Treebank 2a makes use of a new empty category *PRO*. It replaces a subset of the cases of empty subjects labelled * in Treebank II. The * empty category is now used only for cases of syntactic movement, i.e. passives and subject raising. In addition, there has been a major reorganization of verbal complementation and control.

Raising versus subject control

In Treebank II, raising and subject control are not distinguished, both being represented as follows:

Treebank II style

( (S (NP-SBJ-1 (DT This) (NN trial))
     (VP (VBZ is)
         (VP (VBN expected)
             (S (NP-SBJ (-NONE- *-1))
                (VP (TO to)
                    (VP (VB last)
                        (NP-TMP (CD five) (NNS weeks)))))))
     (. .))
  ) 

( (S (NP-SBJ-1 (PRP We))
     (VP (VBP 've)
	 (VP (VBD tried)
	     (S (NP-SBJ (-NONE- *-1))
		(VP (TO to)
		    (VP (VB train)
			(NP (DT the) (NNS youngsters))))))))

  )


In TB2a these cases are distinguished by type of empty category: * indicates raising and *PRO* subject control. Both cases are indexed.

Treebank 2a style: raising

( (S (NP-SBJ-1 (DT This) (NN trial))
     (VP (VBZ is)
         (VP (VBN expected)
             (S (NP-SBJ (-NONE- *-1))
                (VP (TO to)
                    (VP (VB last)
                        (NP-TMP (CD five) (NNS weeks)))))))
     (. .))
  ) 

Treebank 2a style: subject control
( (S (NP-SBJ-1 (PRP We))
     (VP (VBP 've)
	 (VP (VBD tried)
	     (S (NP-SBJ (-NONE- *PRO*-1))
		(VP (TO to)
		    (VP (VB train)
			(NP (DT the) (NNS youngsters))))))))

  )

Raising predicates: appear, begin, continue, end up, fail, figure, happen, keep, need, ought, prove, quit, remain, say, seem, start, stop, tend, wind up, apt, certain, due, likely, sure, unlikely, be about to, be bound to, be going to, be set to, be supposed to, have to, have got to, turn out to, used to, plus the passives of ECM verbs.
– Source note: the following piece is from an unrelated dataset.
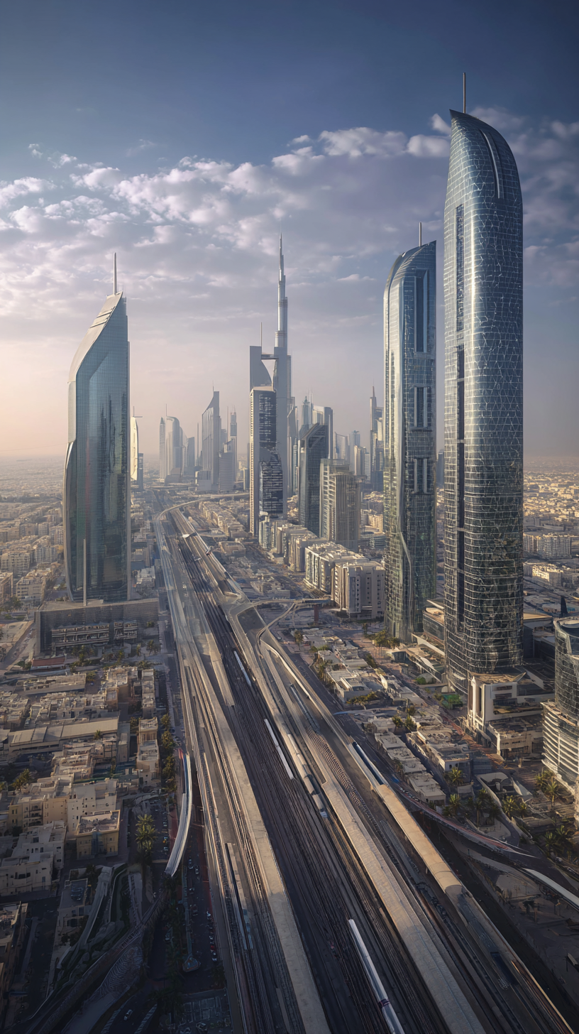 一张超逼真的航拍照片(不是CGI),捕捉了两个由中央高速铁路线无缝连接的真实中东城市。右边是沙特阿拉伯利雅得的真实天际线,展示了王国塔,Al Faisaliah塔和KAFD塔,所有这些都以真实的摄影现实主义呈现。在左边,卡塔尔多哈的真实天际线,包括西湾塔,Aspire塔(多哈火炬)和龙卷风塔,都清晰可见,真实的形式。现代铁路完美地贯穿中心,笔直而对称,连接着两座城市的天际线。下面的地面是城市铺砌的街道,干净的基础设施,没有沙漠,没有空旷的土地,创造了两个城市形成一个连续的大都市区的错觉。拍摄角度:空中俯视(≈45°倾斜),电影视角与深度和水平对齐。灯光:早晨明亮的阳光,自然的蓝天,柔和的大气雾为深度。风格:超现实摄影,尼康D850或佳能EOS R5外观,清晰的玻璃反射,HDR色调,8K细节,垂直格式(9:16)。没有汽车,没有人,没有未来主义或艺术效果,纯粹的现实主义。

Subject control verbs: admit, afford, agree, aim, apply, arrange, ask, attempt, avoid, be willing, bother, come, care, choose, claim, clamor, concede, conspire, decide, decline, delay, deny, deserve, determine, disclaim, discuss, enjoy, elect, favor, figure, flock, force, forget, get, go to show, hate, hesitate, hope, intend, jump, know, learn, like, look, love, manage, mean, mind, miss, move, negotiate, offer, opt, plan, pledge, plot, pose, ponder, prefer, prepare, press, proceed, profess, promise, propose, push, quite, race, recall, refuse, report, resolve, risk, rule out, rush, scramble, seek, serve, set out, sign, sound, stand, strive, struggle, suffice, swar, threaten, try, undertake, vote, vow, wait, want, wish

Tests for raising predicates

  1. can take expletive there subject
    there doesn't seem to be an answer to this question
    *there tried to be an answer to this question
    
    
  2. can take weather it subject
    it is likely to rain this week
    it began to rain this morning
    *it tried to rain this week
    
    
  3. can take idiom chunk subjects (and still be idiomatic)
    the cat seems to have got your tongue
    the shit started to hit the fan 
    
    

About to

About to is parsed as follows:
(S (NP-SBJ-1 (NNP Japan))
   (VP (VBZ is)
       (ADJP-PRD (JJ about)
		 (S (NP-SBJ (-NONE- *-1))
		    (VP (TO to)
			(VP (VB embark)
			    (PP-CLR (IN on)
				    (NP (DT a) (JJ major) (NN buying) (NN binge)))))))))

ECM versus object control

In Treebank II, only a small number of verbs which take sentential complementation were treated as ditransitive (see manual, page 246, for a list). By default, all other verbs were represented as monotransitive (i.e. ECM) as follows:

Treebank II style: monotransitive

( (S (NP-SBJ (NP (DT An) (NN accounting) (NN controversy))
             (PP-TMP (IN at)
                     (NP (NP (DT the) (NN end))
                         (PP (IN of)
                             (NP (JJ last) (NN year))))))
     (VP (VBD forced)
         (S (NP-SBJ (NNP Boston) (NNP Co.))
            (VP (TO to)
                (VP (VB admit)
                    (SBAR (-NONE- 0)
                          (S (NP-SBJ (PRP it))
                             (VP (VBD had)
                                 (VP (VBN overstated)
                                     (NP (JJ pretax) (NNS profits))
                                     (PP-MNR (IN by)
                                             (NP (QP (RB some) ($ $) (CD 44) (CD million))
                                                 (-NONE- *U*)))))))))))
     (. .)))

In Treebank 2a, we have tried to distinguish ECM from object control on more linguistic grounds. Object control is indicated in the same way as subject control: the empty subject is labelled *PRO* and coindexed to the controlling object.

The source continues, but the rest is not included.